Step 4: Simplify the solution form
Rewrite:
$$
\ln\bigl| (y + 1)(2 + \sin x)\bigr| = \ln|C'|
\quad\text{where}\quad C' = e^C.
$$
Thus,
$$
(y + 1)(2 + \sin x) = C'.
$$
Step 5: Apply the initial condition to find the constant
We are given $y(0) = 1$. Plug in $x=0$ and $y(0)=1$:
$$
(1 + 1)\bigl(2 + \sin 0\bigr) = C'.
$$
Since $\sin 0 = 0$, this becomes
$$
(2)(2) = 4,
$$
so $C' = 4$. Hence, the specific solution is
$$
(y + 1)(2 + \sin x) = 4,
$$
which gives
$$
y = \frac{4}{2 + \sin x} - 1
= \frac{4 - (2 + \sin x)}{2 + \sin x}
= \frac{2 - \sin x}{2 + \sin x}.
$$
Step 6: Compute y(π)
To find $y(\pi)$, substitute $x = \pi$ into $y(x)$:
$$
y(\pi) = \frac{2 - \sin\pi}{2 + \sin\pi}.
$$
Since $\sin \pi = 0$, we get
$$
y(\pi) = \frac{2 - 0}{2 + 0} = \frac{2}{2} = 1.
$$
Hence, $y(\pi) = 1$.
Step 7: Find $ \frac{dy}{dx} $ and evaluate at x = π
The function is
$$
y(x) = \frac{2 - \sin x}{2 + \sin x}.
$$
Differentiate with respect to $x$ using the quotient rule:
$$
\frac{dy}{dx}
= \frac{(2 + \sin x)(-\cos x) - (2 - \sin x)(\cos x)}{(2 + \sin x)^2}.
$$
Simplify the numerator:
$$
(2 + \sin x)(-\cos x) - (2 - \sin x)(\cos x)
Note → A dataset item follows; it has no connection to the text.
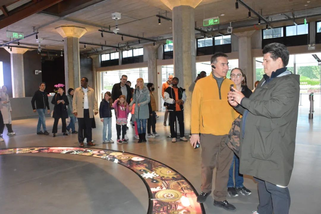 作为这座杨浦滨江新地标的“首批游客”之一,外籍友人们感到无比新奇与激动。大家跟随讲解,陆续来到了“工具与我们的世界”“技能发展与中国”等核心展区,小朋友们也兴奋地在互动体验区感受全息投影、红外交互、人工智能等数字技术的震撼效果,为技能给生活带来的改变而惊呼。

= -2\cos x - \sin x \cos x - 2\cos x + \sin x \cos x
= -2\cos x - 2\cos x
= -4\cos x.
$$
So
$$
\frac{dy}{dx} = \frac{-4 \cos x}{(2 + \sin x)^2}.
$$
Now evaluate at $x = \pi$ (where $\sin \pi = 0$ and $\cos \pi = -1$):
$$
\left.\frac{dy}{dx}\right|_{x = \pi}
= \frac{-4 \cdot (-1)}{(2 + 0)^2}
= \frac{4}{4}
= 1.
$$
Therefore, $\left.\frac{dy}{dx}\right|_{x=\pi} = 1$.
Step 8: State the final answer
We have found:
$$
y(\pi) = 1 \quad\text{and}\quad \left.\frac{dy}{dx}\right|_{x=\pi} = 1.
$$
Hence, the ordered pair $(a, b)$ is $(1, 1)$.